Phosphorylation at different sites changes amyloid fibril structure and pathological properties of α-synuclein (#24)
α-synuclein (α-syn) plays important roles in the pathology of multiple neurodegenerative diseases. Phosphorylation, as a post-translational modification, has been proposed to regulate the process of synucleinopathies. However, it remains unclear that how phosphorylation at specific sites regulates the structure and properties of α-syn. In this series of work, we synthesized homogeneous α-synuclein with phosphorylation at different sites using expression protein ligation strategy, respectively. Phosphorylation changes strains of α-syn fibrils, leading to distinct fibril characteristics, cellular toxicity1, and cell-to-cell transmission properties of α-synuclein.2 Cryo-EM revealed that phosphorylation at distinct sites results in rearrangements of amyloid fibril structure. These fibril structures explain some properties of different phosphorylated α-syn fibrils and their formation mechanisms.3 This series of work highlights the importance of posttranslational modifications in the progression of degenerative diseases.

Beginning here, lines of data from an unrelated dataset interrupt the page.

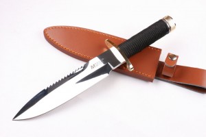 类 型: 中型直刀品 牌: MT全 长: 33.2cm刃 长: 17.5cm刃 厚: 5.6mm刃 材: 440硬 度: 58HRC重 量: 750g(含包装)表 面: 镜光柄 材: 无缝钢管+细绳+镀24K金护手刀 鞘: 牛皮其 它: 锋利+求生用品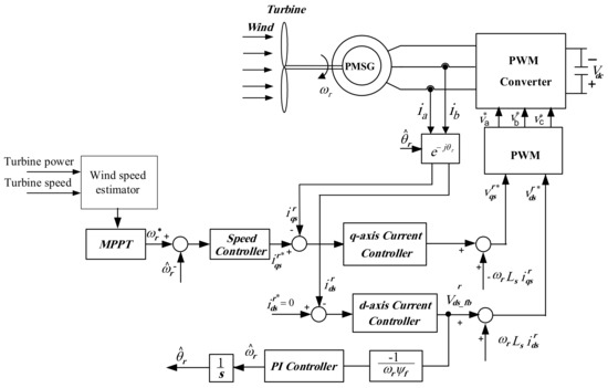- Yang, S.; Zhang, X.; Zhang, C.; Xie, Z.; Li, F. Sensorless control for pmsg in direct-drive wind turbines. In Proceedings of the IEEE International Symposium on Power Electronics for Distributed Generation Systems (PEDG), Hefei, China, 16–18 June 2010; pp. 81–84. [Google Scholar]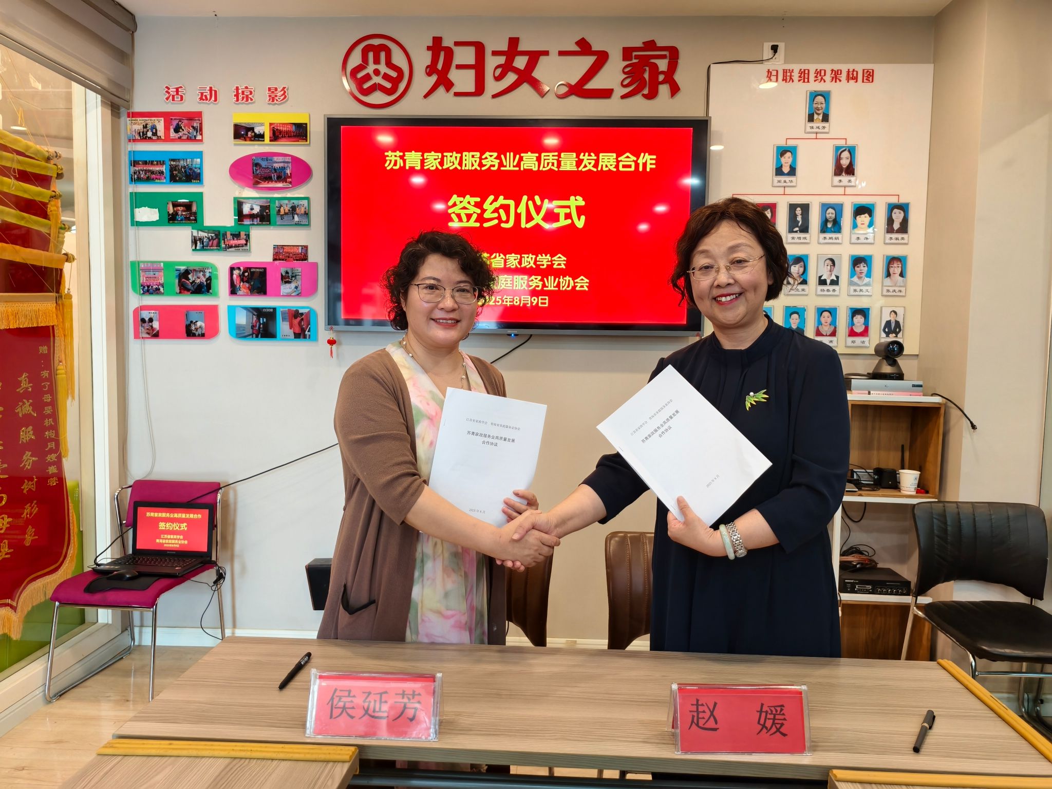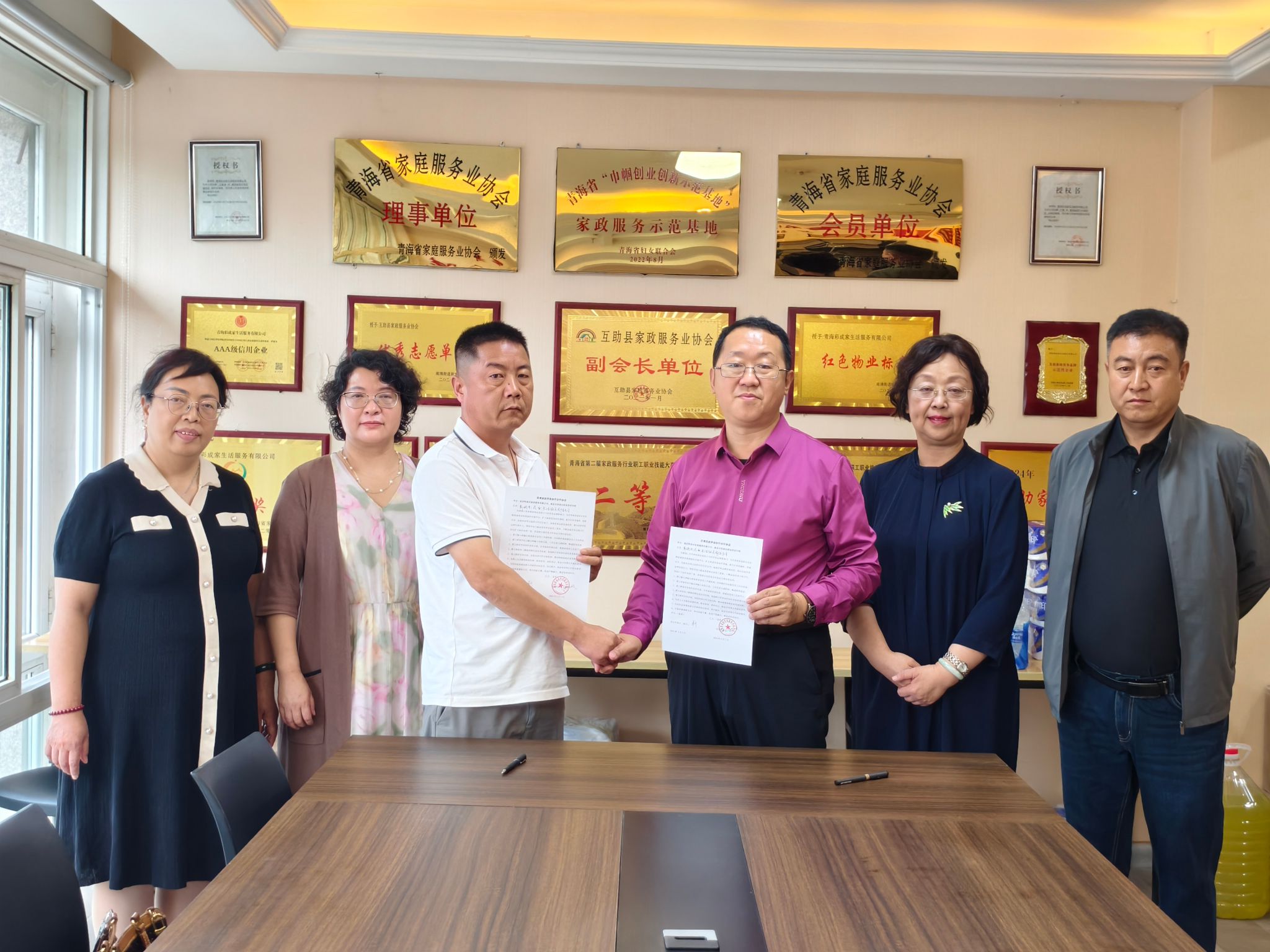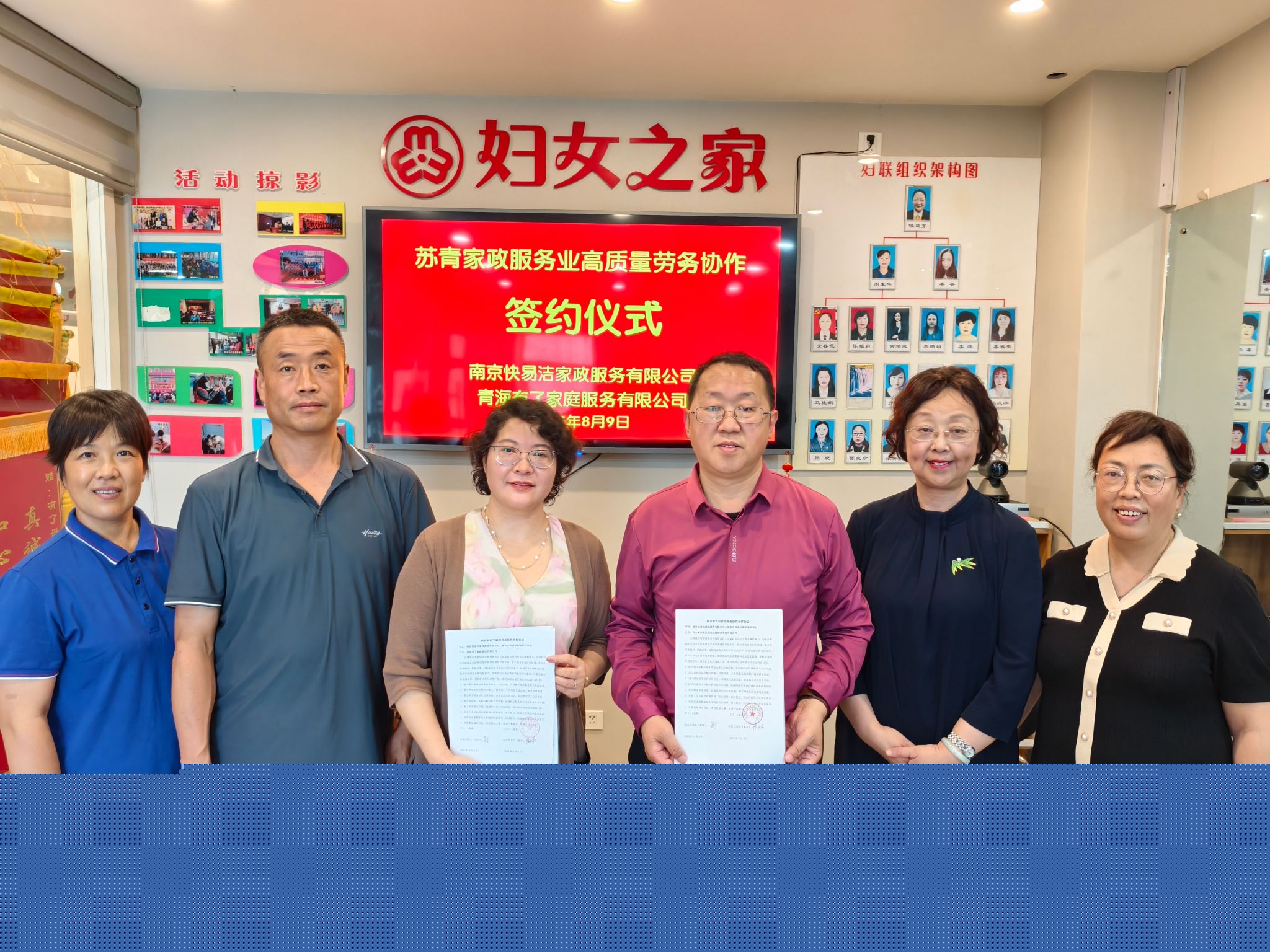 江苏省家政学会理事长赵媛与青海省家庭服务业协会会长侯延芳签订了《苏青家政服务业高质量发展合作协议》,南京市快易洁职业培训学校校长夏宁与西宁夏都家匠职业技能培训学校校长侯延芳签订培训合作协议,南京快易洁家政集团总经理夏宁分别与青海有了家庭服务有限公司、青海彩成家生活服务有限公司签订了劳务合作协议。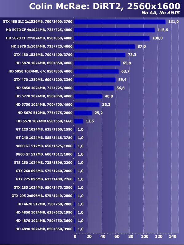 最高分辨率下,除HD 5770以外HD 5670也未能达到30帧的及格标准,各款显卡排名依然未变。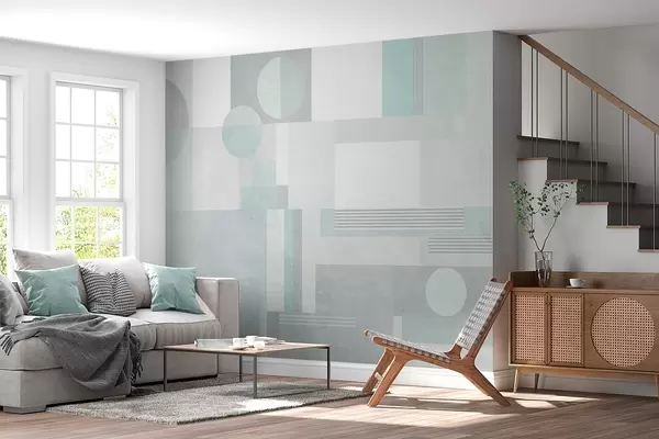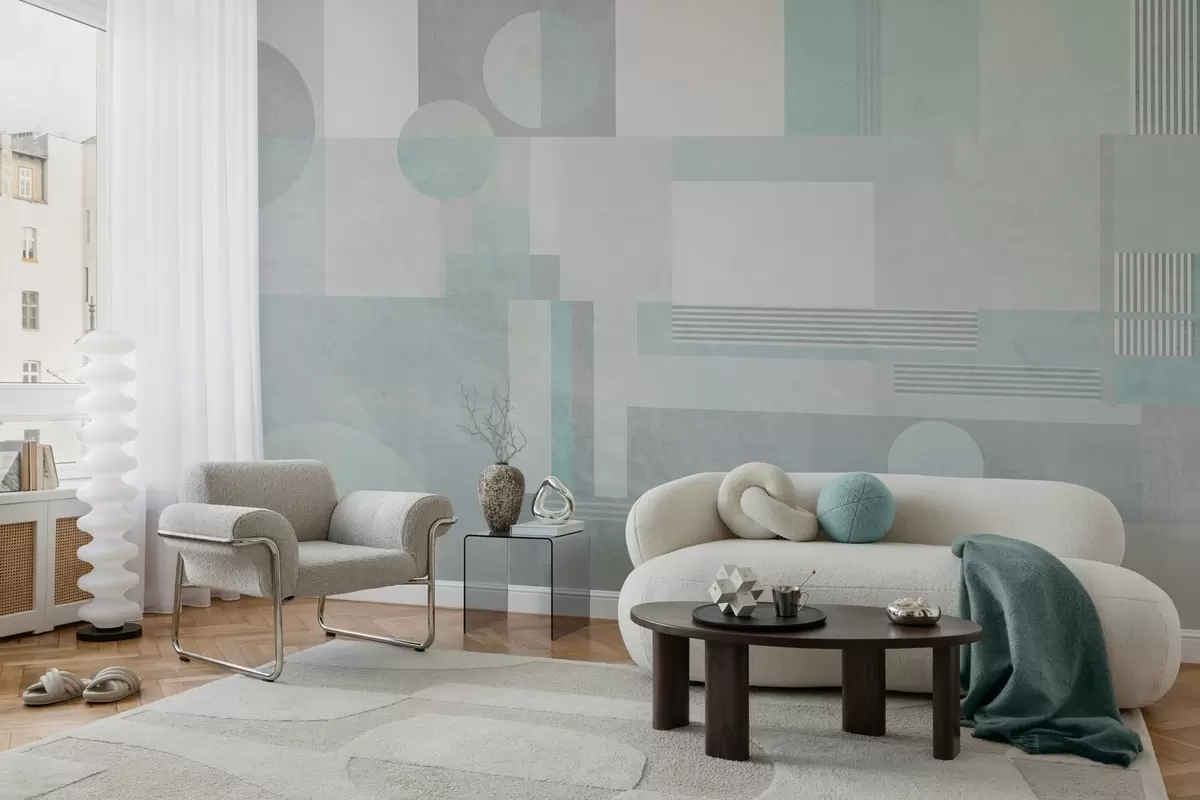 Murais de parede geometria abstrata em tons de cinza-esverdeado Nr. w04635v3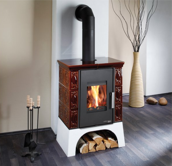 EBOLI AL II z wymiennikiem wodnym, kafle brązowe, podstawa biała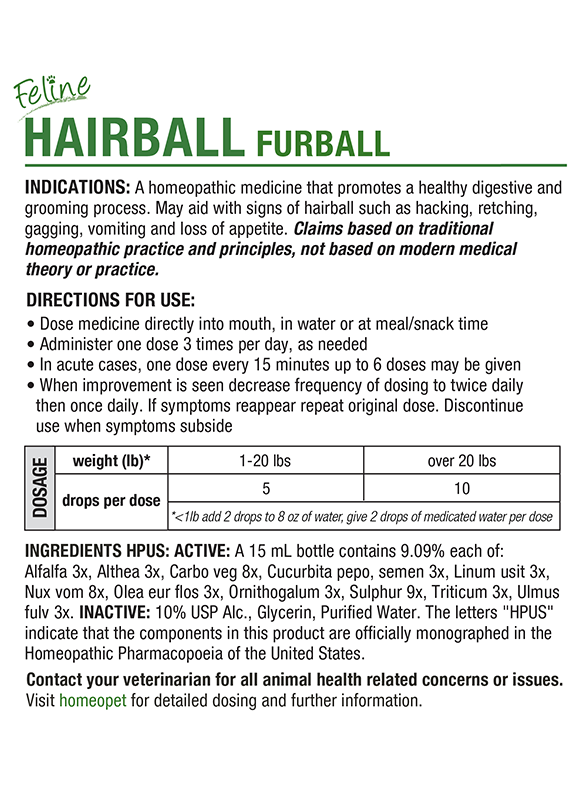 A veterinarian-formulated liquid remedy that may help promote a healthy digestive and grooming process in cats. This natural treatment may help reduce the discomfort caused by hairballs/furballs and their symptoms, including hacking, retching, gagging, vomiting, and loss of appetite.Â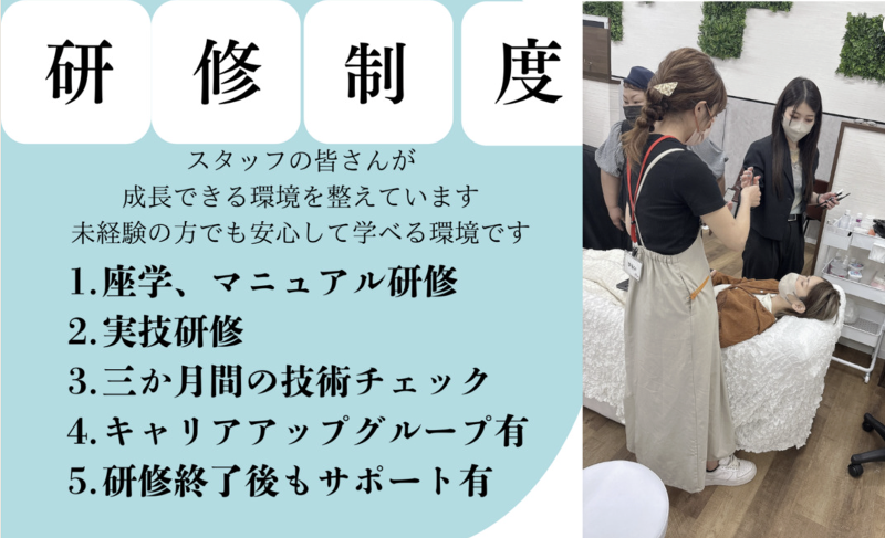 アピールポイント: 【一宮市 平和_正社員】アイリスト募集✨ 「休みや給料が安定した環境で働きたい」 「20代や30代が活躍できる職場がいい」 「一生モノの技術を身につけたい!」 そんなあなたにピッタリの【アイリスト】のお仕事です。 \まずは『メリハリつけて働きたい』だけでOK!/ 全国に展開する安定基盤のもと、 未経験からでも安心してスキルを磨きながら、 ワークライフバランスを大切に働けます。 ⭐KATEstageLASHアイラッシュサロンが選ばれる理由 ✅ ノルマなし×原則残業なし サロン全体で「ノー残業」を推奨! ストレスフリーな働き方を実現できます。 ✅ 完全週休2日制 (前日希望休100%取得) 土日休みや平日休みなどライフスタイルに合わせて調整可能。 有給平均消化率も高く、プライベートも充実! ✅ キャリアと私生活の両立 アイリストとしての技術習得だけでなく、 店長・スクール講師・教育担当などのキャリアステップも可能。 ✅ 自由度の高い働き方 お客様に寄り添う接客スタイルを大切にしているため、 無理な営業や押し売りは一切なし! ⸻ 【具体的なお仕事】 ・まつげエクステ、まつげパーマ、アイブロウ施術 ・お客様とのカウンセリング(仕上がりのイメージ共有) *幅広い技術を習得可能! まつげだけでなくアイブロウ、まつげパーマなど、 トータルビューティー技術を学べます。 *未経験でも安心研修制度あり 研修は最短2週間でデビュー可能! 半数以上が未経験からスタートし、今では即戦力として活躍中です。 ⸻ 【キャリアアップ例】 ・入社時:技術研修&接客の基礎を習得 ・1年目:後輩指導や店舗運営補助を担当 ・2年目以降:店長やスクール講師として教育担当も可能 <評価制度> ・売上や指名数だけでなく、日々の行動やプロセスもきちんと評価! ⸻ 【先輩インタビュー】 「前職はアパレルでした。未経験からの挑戦でしたが、研修が充実していて安心してデビューできました。お客様に喜んでもらえる瞬間が一番のやりがいです!」 「前職は美容部員。ノルマが多く、働き方に悩んでいました。KATEstageLASHではノルマがなく、シフトも柔軟。自分の時間を大切にしながら、キャリアアップも目指せています!」 ⸻ 【KATEstageLASHの魅力】 ・未経験からでもしっかり学べる研修制度 ・働きやすい雰囲気の職場 ・完全週休2日&残業なし ⸻ 【勤務の詳細】 ・勤務地:各店舗 ・勤務形態:シフト制 ・車通勤可能 ⸻ 「アイリストとして手に職をつけたい」 「プライベートも大切にしたい」 「将来キャリアアップを目指したい」 そんなあなたにぴったりの職場です✨ 未経験の方も大歓迎! ぜひ挑戦してみませんか?

Figure 1. Phosphorylation at specific sites influences α-syn fibril structure and properties. Left: pS129 enhances α-syn pathological transmission.2 Right: pY39 rearranges α-syn fibril structure.3
- Ma, M. R.; Hu, Z. W.; Zhao, Y. F.; Chen, Y. X.; Li, Y. M., Sci. Rep. 2016, 6, 37130.
- Zhang, S.; Liu, Y. Q.; Jia, C.; Lim, Y. J.; Feng, G.; Xu, E.; Long, H.; Kimura, Y.; Tao, Y.; Zhao, C.; Wang, C.; Liu, Z.; Hu, J. J.; Ma, M. R.; Liu, Z.; Jiang, L.; Li, D.; Wang, R.; Dawson, V. L.; Dawson, T. M.; Li, Y. M.; Mao, X.; Liu, C., Proc. Natl. Acad. Sci. U. S. A. 2021, 118 (26), e2011196118.
- Zhao, K.; Lim, Y. J.; Liu, Z.; Long, H.; Sun, Y.; Hu, J. J.; Zhao, C.; Tao, Y.; Zhang, X.; Li, D.; Li, Y. M.; Liu, C., Proc. Natl. Acad. Sci. U. S. A. 2020, 117 (33), 20305-20315.